Dumbrell is an artist with a singular vision, which she has pursued with steadfast vigour. First in Melbourne, and now from Bangkok where she has lived since the 1990s, Dumbrell paints meticulously precise, yet lyrical, abstract compositions that are sometimes awash with subtle shifts of colour. Her work is inextricably tied to the light of the landscapes she finds herself in, and her overarching concerns— time, colour, illusion, pattern and scale—have, she readily admits, remained unchanged over the decades.
For Dumbrell, abstract art is a language, and, like any language, it has to be learned. “I guess the first art I really could not understand was Mondrian,” she explains. “I thought, ‘They just look like squares to me; I don’t get it. I don’t understand.’ But I decided it was my fault, not the artist’s fault. And I studied him really closely and after a while it just clicked together. There are no words I can say for what that meant, I can’t intellectually analyse it. But I suddenly got it: it’s an abstract language.”
Learning a language, whether linguistic or visual, takes both hard work and determination, qualities Dumbrell seems to have in abundance. “I like the difficult paintings,” she says, explaining how she sometimes finds even her own paintings difficult, despite years of perfecting her unique visual language.
Getting a painting right—finding the correct combination of colours, lines and forms that somehow resolve into a synergistic whole that allows the work to “sing” and to say what she wants in her own ineffable language—remains a struggle. “It becomes a kind of battle,” she admitted in a 1979 interview with James Gleeson. “Quite often I lose them all together.” Even now, more than 40 years later, she’s still in pursuit.
Dumbrell’s most recent painting, a blue-on-blue composition where triangles seem to dance and vibrate across the canvas on carefully plotted trajectories, took her four months to complete in her Bangkok studio. At one point, she nearly gave up. “I thought I was going to lose it,” she admits. “But then I thought, ‘Bugger it, I am not going to lose it,’ and I just kept changing some of the lines and seeing if that would work. And I eventually pulled it together,” she laughs.
Dumbrell laughs a lot, her humour clearly part of an adamantine strength that propelled her to push through institutional doors at a time when being a female abstractionist was far more difficult than it is now.
Today, her work is held by the National Gallery of Australia and most state galleries.

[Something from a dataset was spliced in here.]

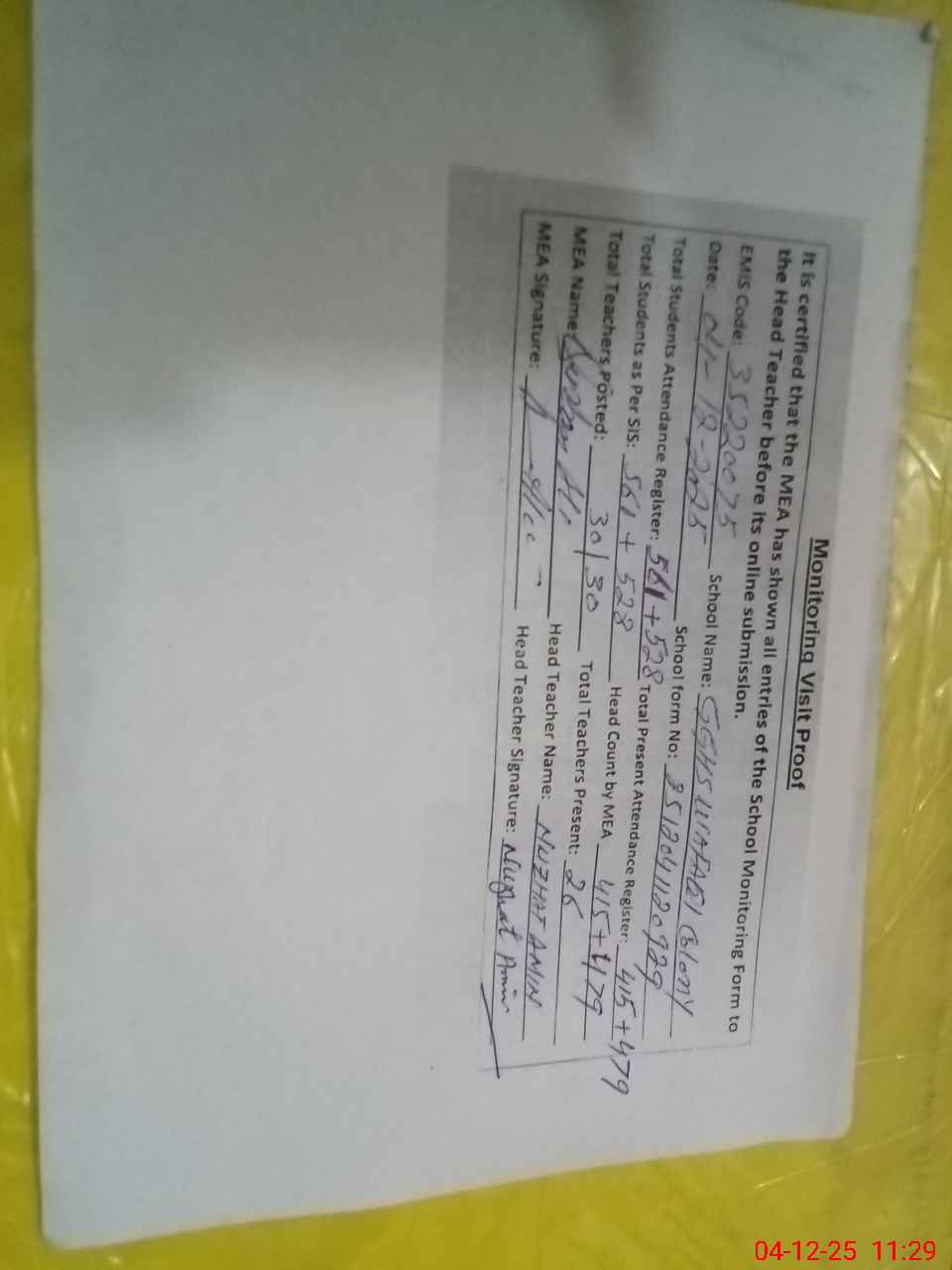 | Attendance Register | Head Teacher | MEA with School | Visit Proof |

In 1999 she was honoured with a retrospective at The Ian Potter Museum of Art in Melbourne, Shades of Light: Lesley Dumbrell 1971-1999, but she was left out of the seminal 1968 exhibition The Field at the National Gallery of Victoria, a fact that still causes consternation in some quarters. Since her first solo show—held in 1969 at Bonython Gallery in Sydney—there is no doubt that Dumbrell has made her mark on Australian art history, forging a path for others, too.
In 1975 she became one of the founding members of the Women’s Art Register in Melbourne, an institution driven by a desire for change and the need to create opportunities in art for women. “It was just the beginning of women starting to say we’re sick of being second-rate people,” Dumbrell recalls.
As well as setting up the register, which remains a vital resource today, Dumbrell and her compatriots realised that even though women made up at least half of the student body, there were very few female teachers in art schools. “So we got together and put some pressure on [the art school], and we started to open the doors for women,” she says. “It was a huge push. And it did make quite a lot of change.”
Dumbrell is still making changes. Recently, for the first time in her long career, she started working on sculptures: three dimensional laser-cut metal structures that play with illusion in the same way as her paintings. Asked where she is going to show her new work, she says, “I have a number of options, which is the first time in my life I can say that! That is exciting.” Lesley Dumbrell is still experimenting, and still opening doors.